Problem to work on: Restate the data below word for word. Leave the images out.

Raw data:

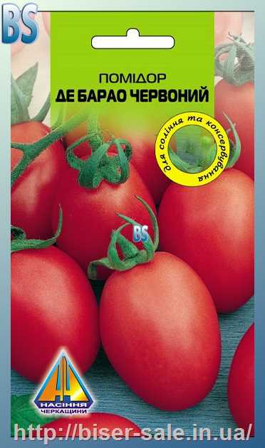 Помідори Де Барао Царський Червоний (0.1г), середньопізній, кущ висотою 2,5-3,0м, плоди масою 150-200г
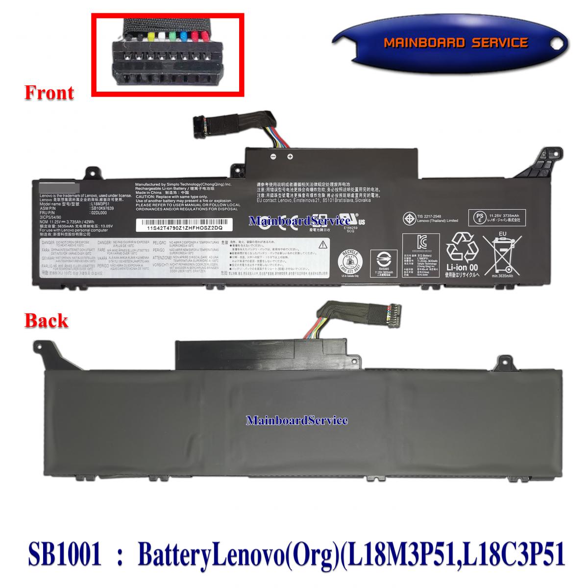 SB1001 : BatteryLenovo(Org)(L18M3P51,L18C3P51,L18M3P52,02DL001,02DL000,E840S,SB10K97640,SB10K97639,SB10K976,
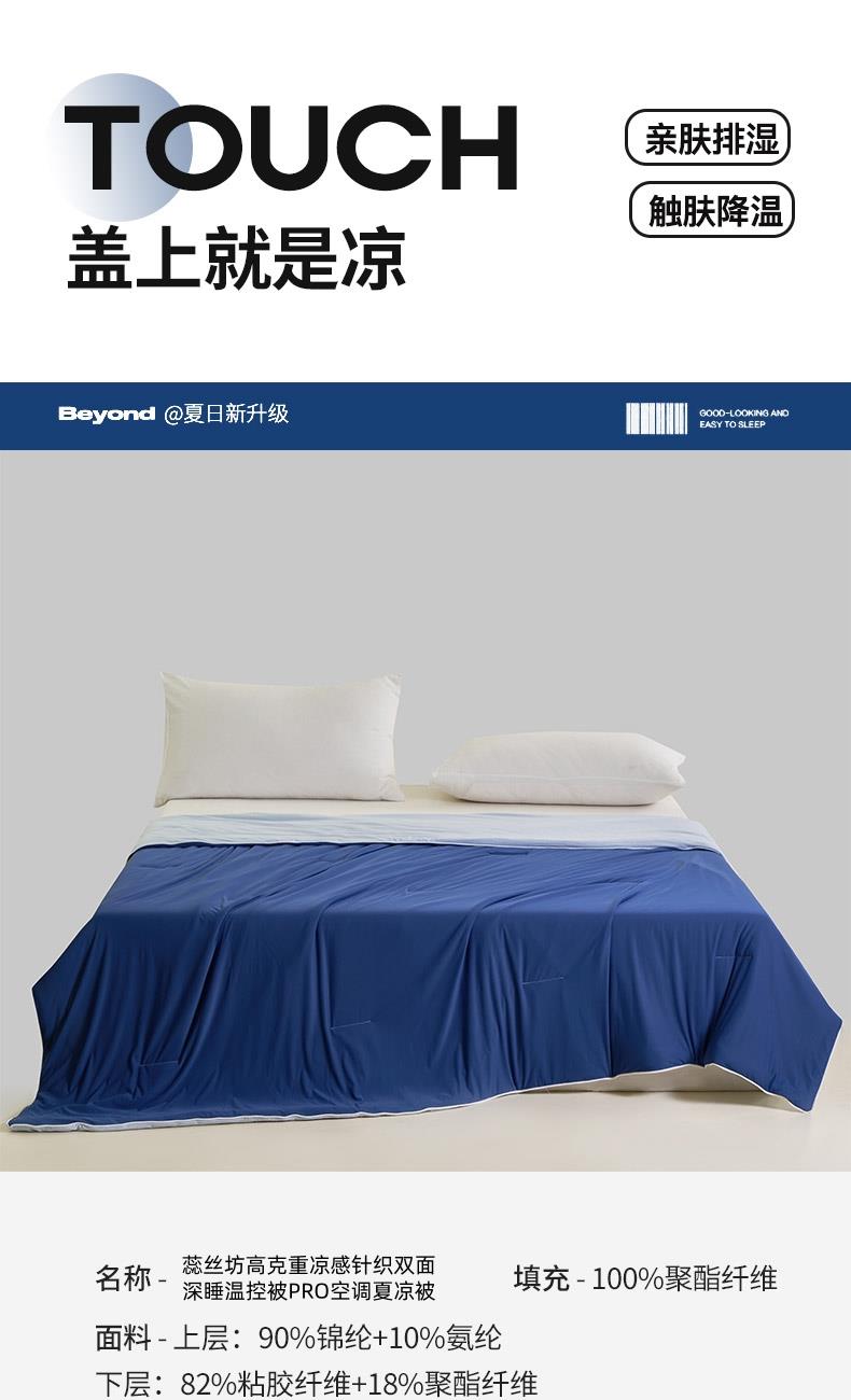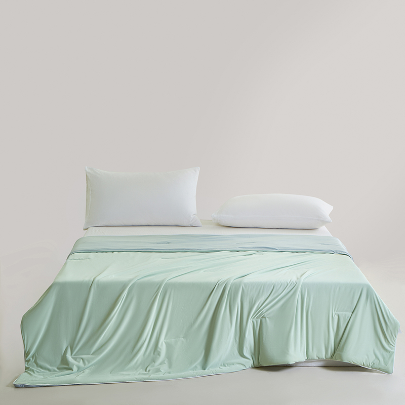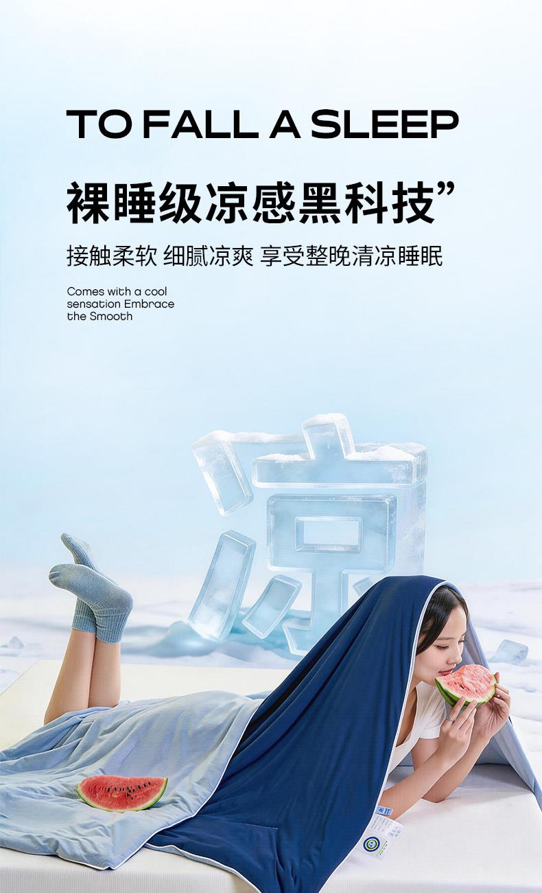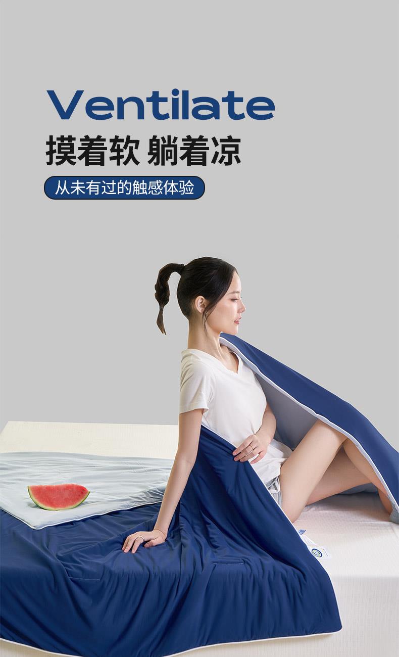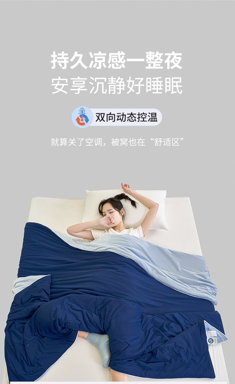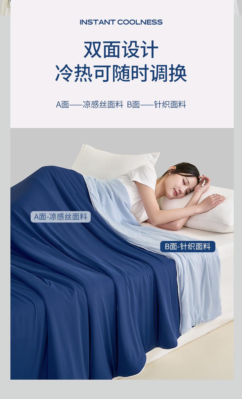 规格:150*200cm 面料: A面 凉感丝面料 B面 针织面料 填充:聚酯纤维埋绳包边 花型:温控-双蓝、温控-灰绿、温控-杏粉 双面凉感,一触即凉 一面冰感针织,一面柔滑亲肤,告别闷热黏腻,体感直降 -℃,整夜清爽好眠。高克重针织,软糯包裹感 升级高克重面料,触感软糯如云朵,包裹感十足,透气不闷汗,凉而不冰。可机洗不变形,省心又耐用 整张填充,机洗不结团、不起坨,洗完依旧蓬松柔软,告别手洗烦恼。 深睡控温科技,告别忽冷忽热 智能控温纤维,自动调节被窝微气候,夏天不闷,春秋不凉,四季都好眠。

Your solution:
 Помідори Де Барао Царський Червоний (0.1г), середньопізній, кущ висотою 2,5-3,0м, плоди масою 150-200г
 SB1001 : BatteryLenovo(Org)(L18M3P51,L18C3P51,L18M3P52,02DL001,02DL000,E840S,SB10K97640,SB10K97639,SB10K976,
 规格:150*200cm 面料: A面 凉感丝面料 B面 针织面料 填充:聚酯纤维埋绳包边 花型:温控-双蓝、温控-灰绿、温控-杏粉 双面凉感,一触即凉 一面冰感针织,一面柔滑亲肤,告别闷热黏腻,体感直降 -℃,整夜清爽好眠。高克重针织,软糯包裹感 升级高克重面料,触感软糯如云朵,包裹感十足,透气不闷汗,凉而不冰。可机洗不变形,省心又耐用 整张填充,机洗不结团、不起坨,洗完依旧蓬松柔软,告别手洗烦恼。 深睡控温科技,告别忽冷忽热 智能控温纤维,自动调节被窝微气候,夏天不闷,春秋不凉,四季都好眠。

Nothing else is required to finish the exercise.